Examine these two policy-related statements and see if you can spot the nuclear illogic in one of these positions.

First, this is Iran’s statement after its missile tests, as reported by The Scotsman:

“The first US shot on Iran would set the United States’ vital interests in the world on fire,” said Ali Shirazi, a mid-ranking cleric who is Khamenei’s representative to the naval forces of Iran’s elite Revolutionary Guards. “Tel Aviv and the US fleet in the Persian Gulf would be targets that would be set on fire in Iran’s crushing response,” he said.

Next, the US position, according to an AP writer:

In late June, Vice Adm. Kevin Cosgriff, who was then the commander of the U.S. Navy’s 5th Fleet, said any attempt by Iran to seal off the Strait of Hormuz would be viewed as an act of war.

Did you spot the problem?

Yes, an Iranian attack on the Strait of Hormuz would be an act of war — but the Iranian position seems to be that war would already have started after a US attack on its nuclear program.

I heard this same sequence on TV this morning, so don’t think I’m just pasting together two different stories.

In this case, I could blame the media for taking a US quote from June and using it out of context this week. However, it appears that Vice Admiral Cosgriff was considering virtually the same scenario when he offered his threat:

An Iranian newspaper reported over the weekend that one of the country’s generals said Iran would take control of the key oil passageway in the Gulf if it were provoked.

Vice Adm. Kevin Cosgriff, commander of the U.S. Navy’s 5th Fleet, told journalists in Bahrain on Monday that “any attempt to close the Strait of Hormuz is an act of war” and said the U.S. would not allow it.

Surely Cosgriff understands the concept of retaliation, so this rhetoric must be intended to stir political support for American hectoring.


Escalation: Turkey enters the war?

I’ve warned before that one danger of war is that it can escalate. The Iraq war could escalate to include Turkey, which claims that it will attack Kurdistan Iraq. From Monday’s Times of London (it is already October 22 there):

Turkey will launch military action against Kurdish rebels in northern Iraq despite frantic appeals for restraint from America and Nato, its Prime Minister has told The Times.

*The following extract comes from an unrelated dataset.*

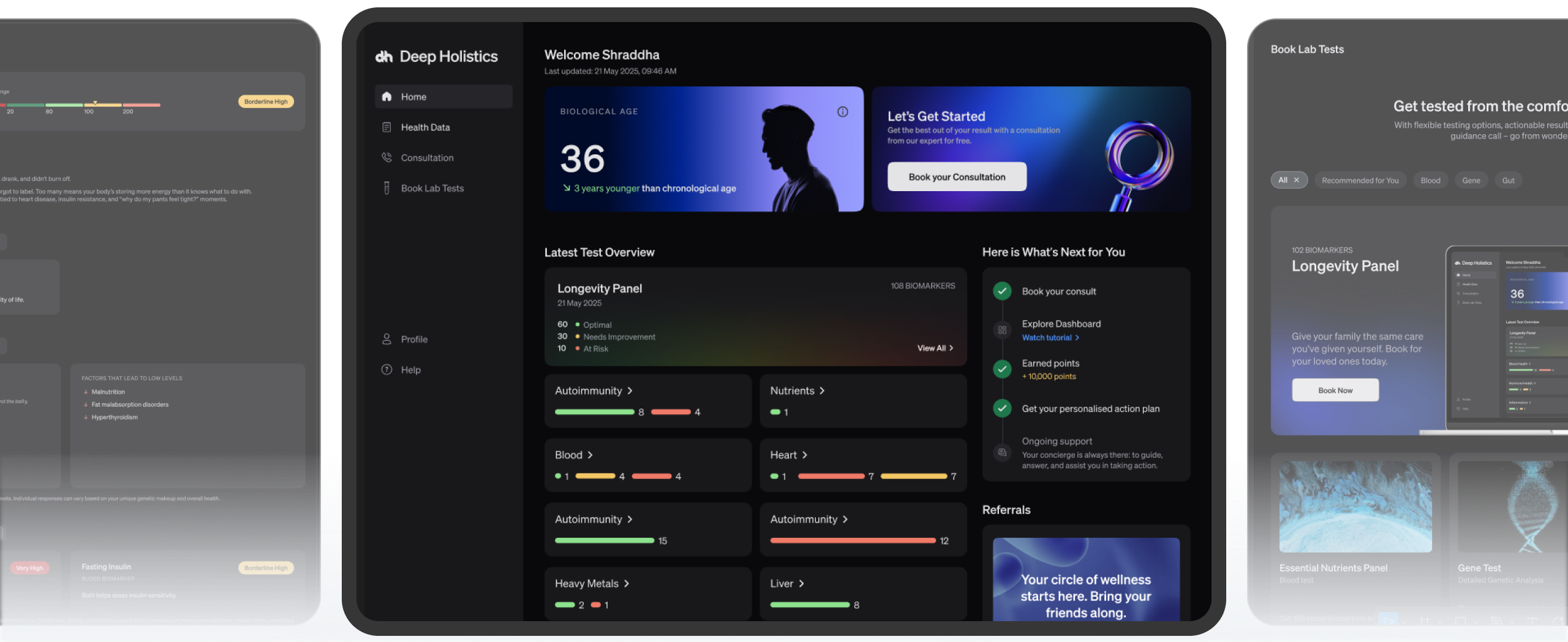 Deep Holistics is more than a blood test. Access an ecosystem of diagnostics, expert-led guidance, and wellness solutions personalized to you.

Speaking hours before the PKK, the Kurdish Workers’ Party, killed at least 17 more Turkish soldiers yesterday, Recep Tayyip Erdogan said that Turkey had urged the US and Iraqi governments repeatedly to expel the separatists but they had done nothing. Turkey’s patience was running out and the country had every right to defend itself, he said. “Whatever is necessary will be done,” he declared in an interview. “We don’t have to get permission from anybody.”

Last Wednesday, the Turkish parliament voted overwhelmingly to authorize such an attack.

And be sure that if Turkey attacks, there will be a fight.

Again, the Times of London reports:

The Kurdish regional government, which has a force of about 100,000 men, has promised to resist any incursions.

Turkey has an estimated 60,000 troops on the border with Iraq.

PM Erdogan sounds like he has fully embraced the Bush Doctrine:

“If a neighbouring country is providing a safe haven for terrorism . . . we have rights under international law and we will use those rights and we don’t have to get permission from anybody.”

Turkey is a NATO member state, but none of its allies seem sympathetic to the argument that Turkey is already under armed attack.